▶ _Activity_: Would you reproduce the whole listing exactly, minus its images?

- Opening Delimiter -

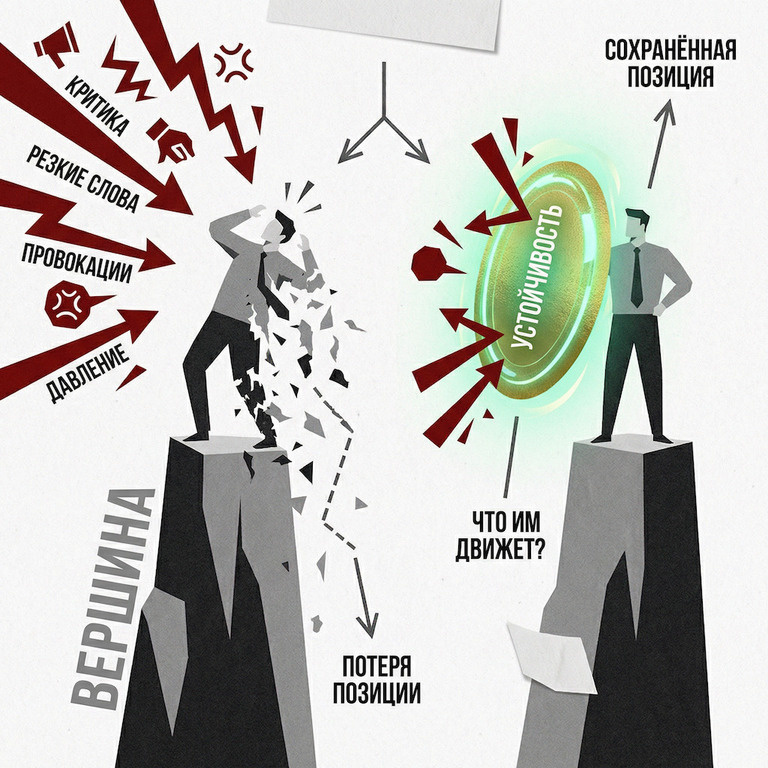 Даже когда ты на вершине. Разница в том, что происходит после того, как тебя зацепило. Тебе пишет незнакомый человек. Тон – как будто ты ему что-то должен. Запрос сформулирован так, что хочется спросить: «Ты вообще с кем разговариваешь?» Внутри – вспышка. Хочется ответить. Резко. По делу. И вот здесь – развилка. Ты можешь упасть с вершины за одну фразу. Очень легко. Эмоция толкает – ты отвечаешь – ты теряешь скорость. Позиции сдал. Профессионал на вершине делает иначе. Он останавливается. И задаёт себе вопрос: «Что им движет? Что он на самом деле хочет?» Это не про подавление эмоций. Это про устойчивость. Про то, чтобы тебя не раскачивало. Требуется оставаться профессионалом. Это просто необходимо. Потому что в противном случае – ты теряешь доступ к ресурсам которые позволяют находиться на вершине. Устойчивость – это один из ресурсов, без которого вершину не удержать. Это не про толстую кожу. Это про взгляд на критику, который позволяет не терять себя. Хочешь узнать что мешае
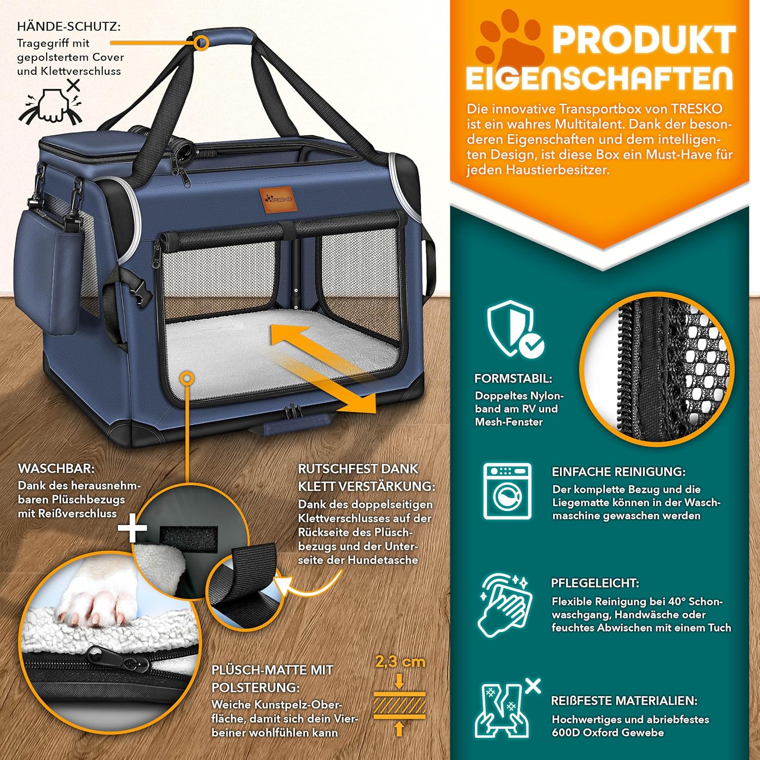 De huisdierdraagtas is opvouwbaar en voor huisdieren is verkrijgbaar in verschillende maten en biedt voldoende ruimte voor kleine, middelgrote en grote honden of katten. Bij de Tresko hondendraagtas is de complete buitenste bekleding afneembaar en kan in de machine worden gewassen. Vlekken of ander vuil kunnen met een vochtige doek of een borstel worden verwijderd.
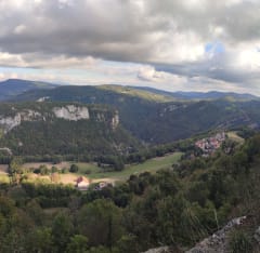 Holala, cette boucle de 9 kilomètres au départ de Chaley, village situé dans la montée entre Tenay et Hauteville-Lompnes sur les bords de l'Albarine, c'est de l'or en barres. Les sensations sont uniques lorsqu'on découvre la vue sur la vallée depuis le Rocher du Grand Sangle, à 840 mètres d'altitude! Munis de bonnes chaussures de marche, d'un pantalon pour les ronces et de bâtons pour bien grimper, on crapahute dans cette belle région pour découvrir tous ses trésors de patrimoine naturel et d'Histoire.
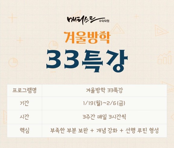 3시간 × 3주, 실력이 달라지는 시간! 겨울방학 33특강
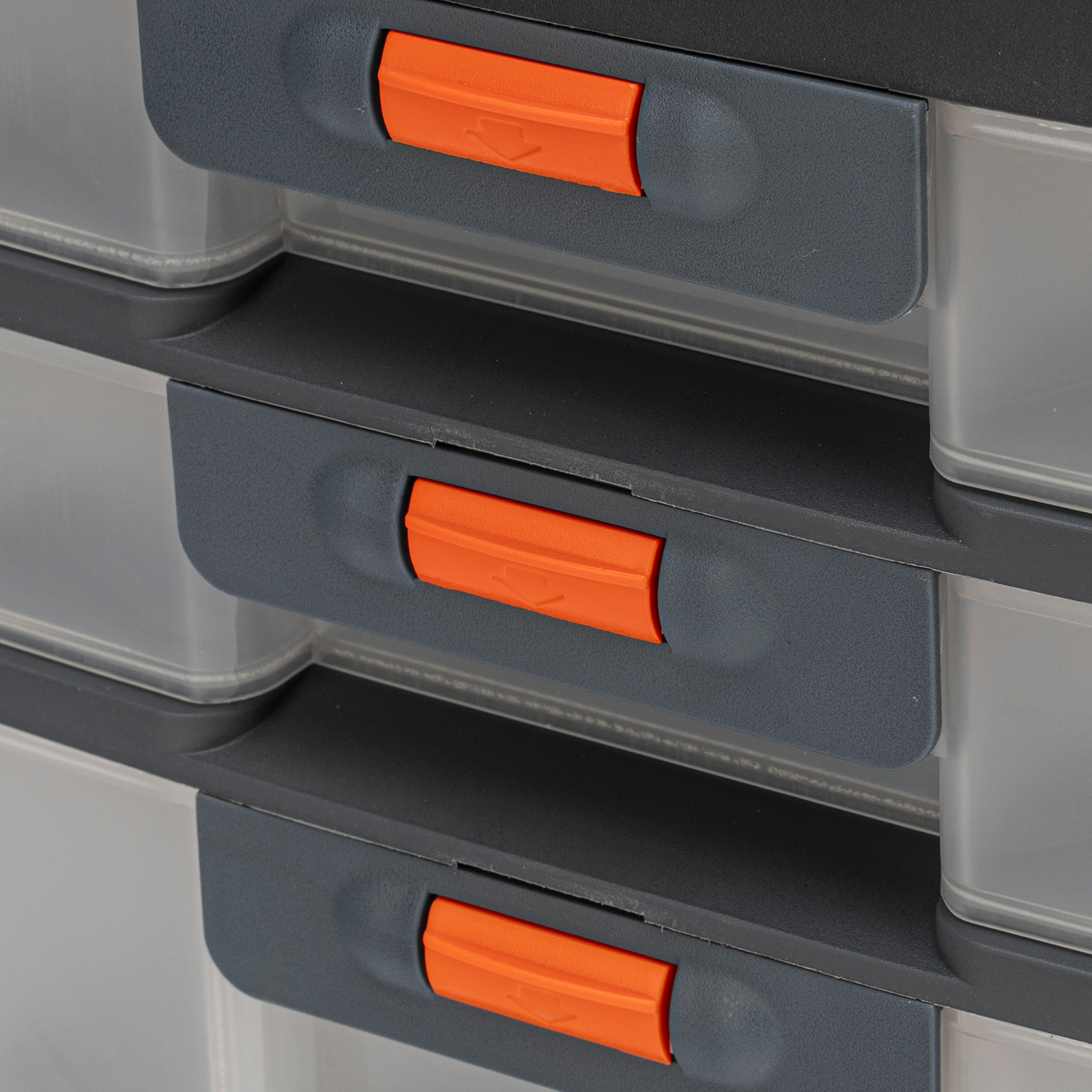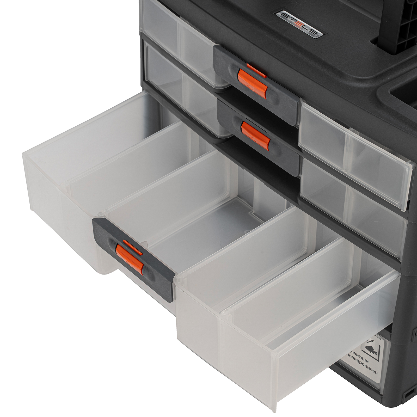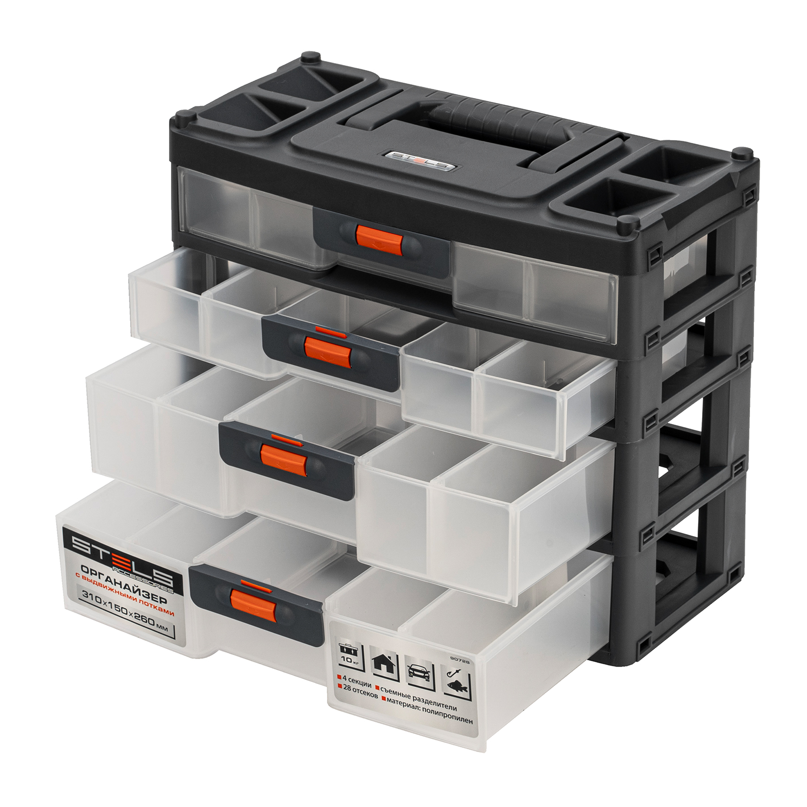 Органайзер Stels 90728 размером 310 х 150 х 260 мм, из пластика, имеет 4 секции с выдвижными лотками и используется для хранения крепежных элементов, принадлежностей для рукоделия, снастей и т.д. Обеспечивает быстрый доступ к предметам, позволяет избежать их перемешивания и утери. Пригодится в гараже, мастерской, будет полезен в домашнем хозяйстве.

- Closing Delimiter -

▶ _Solved problem_:
 Даже когда ты на вершине. Разница в том, что происходит после того, как тебя зацепило. Тебе пишет незнакомый человек. Тон – как будто ты ему что-то должен. Запрос сформулирован так, что хочется спросить: «Ты вообще с кем разговариваешь?» Внутри – вспышка. Хочется ответить. Резко. По делу. И вот здесь – развилка. Ты можешь упасть с вершины за одну фразу. Очень легко. Эмоция толкает – ты отвечаешь – ты теряешь скорость. Позиции сдал. Профессионал на вершине делает иначе. Он останавливается. И задаёт себе вопрос: «Что им движет? Что он на самом деле хочет?» Это не про подавление эмоций. Это про устойчивость. Про то, чтобы тебя не раскачивало. Требуется оставаться профессионалом. Это просто необходимо. Потому что в противном случае – ты теряешь доступ к ресурсам которые позволяют находиться на вершине. Устойчивость – это один из ресурсов, без которого вершину не удержать. Это не про толстую кожу. Это про взгляд на критику, который позволяет не терять себя. Хочешь узнать что мешае
 De huisdierdraagtas is opvouwbaar en voor huisdieren is verkrijgbaar in verschillende maten en biedt voldoende ruimte voor kleine, middelgrote en grote honden of katten. Bij de Tresko hondendraagtas is de complete buitenste bekleding afneembaar en kan in de machine worden gewassen. Vlekken of ander vuil kunnen met een vochtige doek of een borstel worden verwijderd.
 Holala, cette boucle de 9 kilomètres au départ de Chaley, village situé dans la montée entre Tenay et Hauteville-Lompnes sur les bords de l'Albarine, c'est de l'or en barres. Les sensations sont uniques lorsqu'on découvre la vue sur la vallée depuis le Rocher du Grand Sangle, à 840 mètres d'altitude! Munis de bonnes chaussures de marche, d'un pantalon pour les ronces et de bâtons pour bien grimper, on crapahute dans cette belle région pour découvrir tous ses trésors de patrimoine naturel et d'Histoire.
 3시간 × 3주, 실력이 달라지는 시간! 겨울방학 33특강
 Органайзер Stels 90728 размером 310 х 150 х 260 мм, из пластика, имеет 4 секции с выдвижными лотками и используется для хранения крепежных элементов, принадлежностей для рукоделия, снастей и т.д. Обеспечивает быстрый доступ к предметам, позволяет избежать их перемешивания и утери. Пригодится в гараже, мастерской, будет полезен в домашнем хозяйстве.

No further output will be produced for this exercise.